— Dites-moi, lui demanda-t-il, — comment avez-vous pu deviner à l’avance ce que je dirais de votre intelligence et charger Agafia d’une réponse _ad hoc ? _
— Parce que je vous considère, moi aussi, comme un homme intelligent, fit en riant Lipoutine, — je pouvais par conséquent prévoir votre réponse.
— La coïncidence n’en est pas moins remarquable.
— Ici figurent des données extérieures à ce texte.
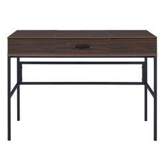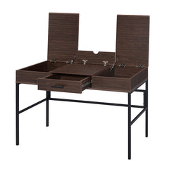 The beautiful contrast between warm wooden tone with cold metal elements delivers a bold industrial design. The writing desk has a wooden top for natural texture, softening the hard look of dark metal frame. The unique hinged top flips up to reveal two spacious interior storage compartments, which help you hide odds and ends to maintain a clean workspace. There is also a storage drawer for storing your stationery, as well as providing easy access and built-in USB ports and built-In outlets keep your devices fully charged.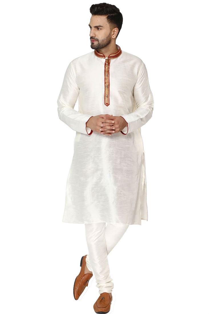 White Color Dhupion Silk Fabric Puja Wear Kurta Pyjama For Men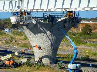 ![]() Un vide, entre les piles P2 et P3, qui sera comblé par la pose à la grue des derniers éléments de charpente ... | |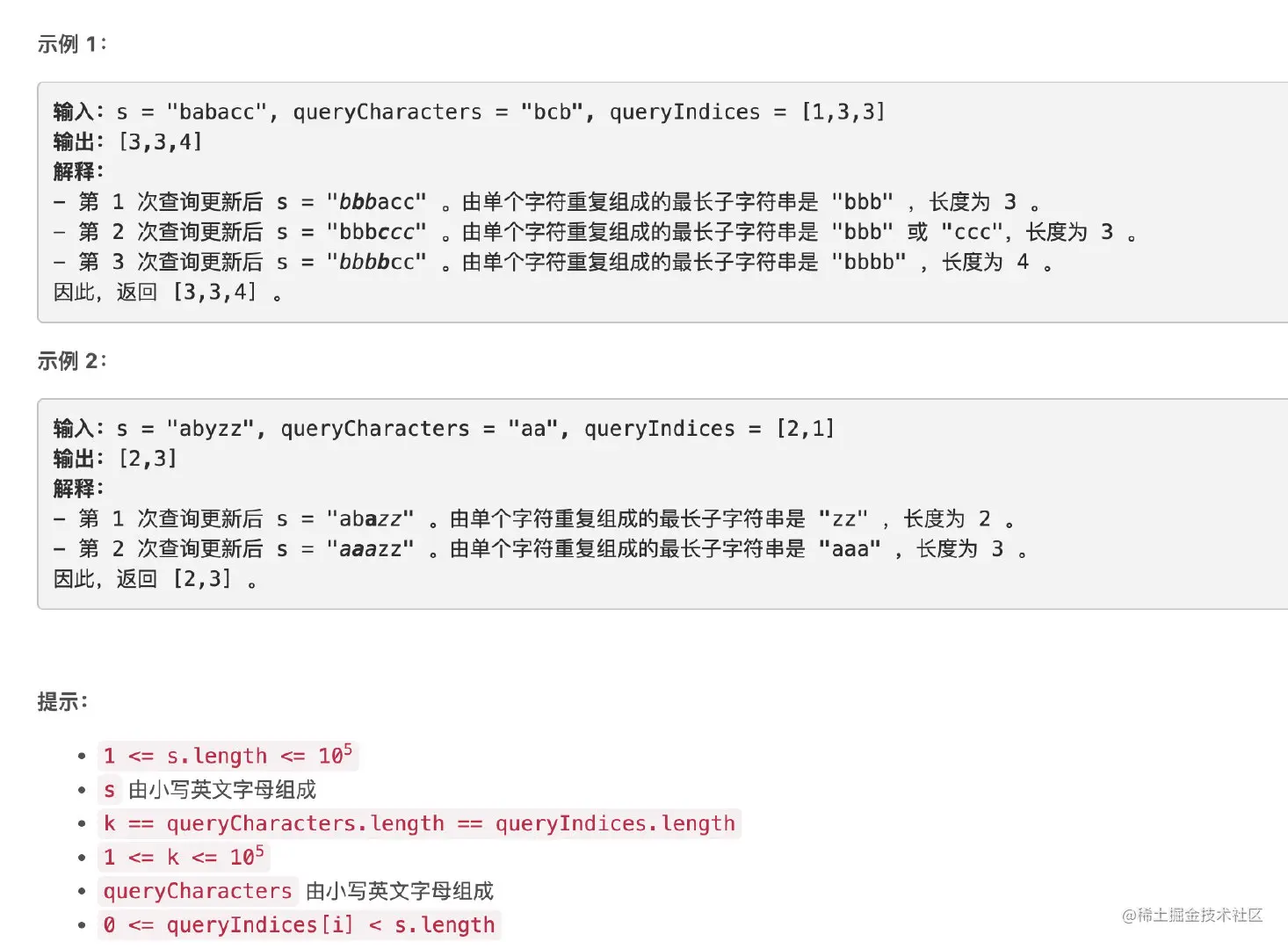 返回一个长度为 k 的数组 lengths ,其中 lengths[i] 是在执行第 i 个查询 之后 s 中仅由 单个字符重复 组成的 最长子字符串 的 长度 。

Mais pourtant permettez : ainsi vous me considériez comme un homme intelligent, et non comme un fou, quand vous avez envoyé Agafia ?
— Comme un homme très intelligent et très sensé ; seulement, j’ai fait semblant de croire que vous n’aviez pas votre bon sens… Vous-même alors vous avez immédiatement pénétré ma pensée et vous m’avez fait remettre par Agafia une patente d’homme d’esprit.
— Eh bien, ici vous vous trompez un peu ; le fait est que… je ne me portais pas bien… balbutia Nicolas Vsévolodovitch en fronçant le sourcil, — bah ! s’écria-t-il, pouvez-vous croire en réalité que, possédant toute ma raison, je sois capable de me jeter sur les gens ? Mais pourquoi donc ferais-je cela ?
Lipoutine ne sut que répondre, mais sa physionomie répondit pour lui. Nicolas pâlit légèrement, du moins l’employé crut le voir pâlir.
— En tout cas, vous avez une tournure d’esprit fort amusante, poursuivit le jeune homme, — mais, quant à la visite d’Agafia, je comprends, naturellement, que c’était un affront que vous me faisiez.
— Aurait-il fallu vous appeler sur le terrain ?
— Hum ! j’ai entendu dire que vous n’êtes pas partisan du duel…
— C’est une traduction du français ! répliqua Lipoutine avec moue désagréable.
— Vous tenez pour la nationalité ?
L’expression de la mauvaise humeur s’accentua sur le visage de Lipoutine.